BoA just published a report calling AI bigger than electricity and the internet combined. But AI is currently lifting productivity by just 0.1% per year.
Ethan Mollick laid this out at the New York Public Library last week, speaking to several hundred corporate leaders.
Meanwhile, Goldman Sachs found no meaningful relationship between AI and productivity at the economy-wide level – while reporting 30% gains in the two sectors where AI has concentrated: Customer Support and Software. The gains are real. They’re just not scaling.
Mollick’s explanation for why: KPIs, he argued, are “the biggest enemy” of AI transformation. They force organisations into incremental improvement when the real gains come from replacing processes entirely.

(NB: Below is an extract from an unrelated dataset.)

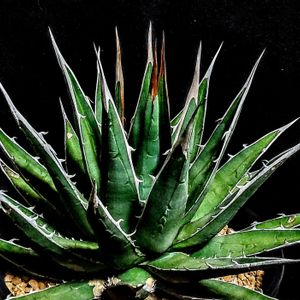 アガベ 帝釈天 葉に並ぶ棘が鋭利なタイプ👍 先端の鋭さに集中しているのもいればチタノタの白鯨みたいな白さの棘の帝釈天もいます。 地味系だと思っていたアガベですがなかなか個性豊かですね。
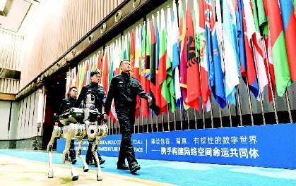 在互联网之光门口,首先向记者走来的是“显眼包”无人巡逻车和两条又萌又酷的智能警用机器狗,它们“迈”着整齐的步伐走来,瞬间吸引全场注意力。

“KPIs aren’t designed to measure what doesn’t exist yet. Or what does, but shouldn’t.”
They measure how well you’re doing the thing you already do.
So when AI makes it possible to do something fundamentally different – to replace a workflow rather than speed it up – the measurement system can’t see it. And what the measurement system can’t see, the organisation won’t fund, won’t resource and won’t reward.
This connects directly to what Microsoft’s data showed a few weeks ago – that 45% of AI users say it feels safer to focus on current goals than to redesign work around AI.
It’s a rational response to how performance is measured. The KPIs are doing exactly what they were designed to do. The problem is that they were designed for a world that’s no longer the one you’re operating in.
Having said that, KPIs exist for good reasons. Accountability, alignment, resource allocation – these don’t disappear because AI arrived.
The answer isn’t to abandon measurement. It’s to recognise that the measurement system itself is now a design problem.
If you only measure what AI improves within your existing processes, you’ll capture the 0.1%. If you can figure out how to measure and reward the replacement of processes – the work that didn’t exist before – you start closing the gap toward what’s actually possible.
Mollick also noted something I think is underappreciated: AI companies are now building their own consulting arms. That’s an admission that the models can’t solve the deployment problem. The technology works. The organisations don’t – yet.
Sources: Nick Lichtenberg, “‘Nobody knows anything’ and ‘this time is different’: the phrases that define – and haunt – the AI economy,” Fortune (25 May 2026). Bank of America and Goldman Sachs data as cited in the article.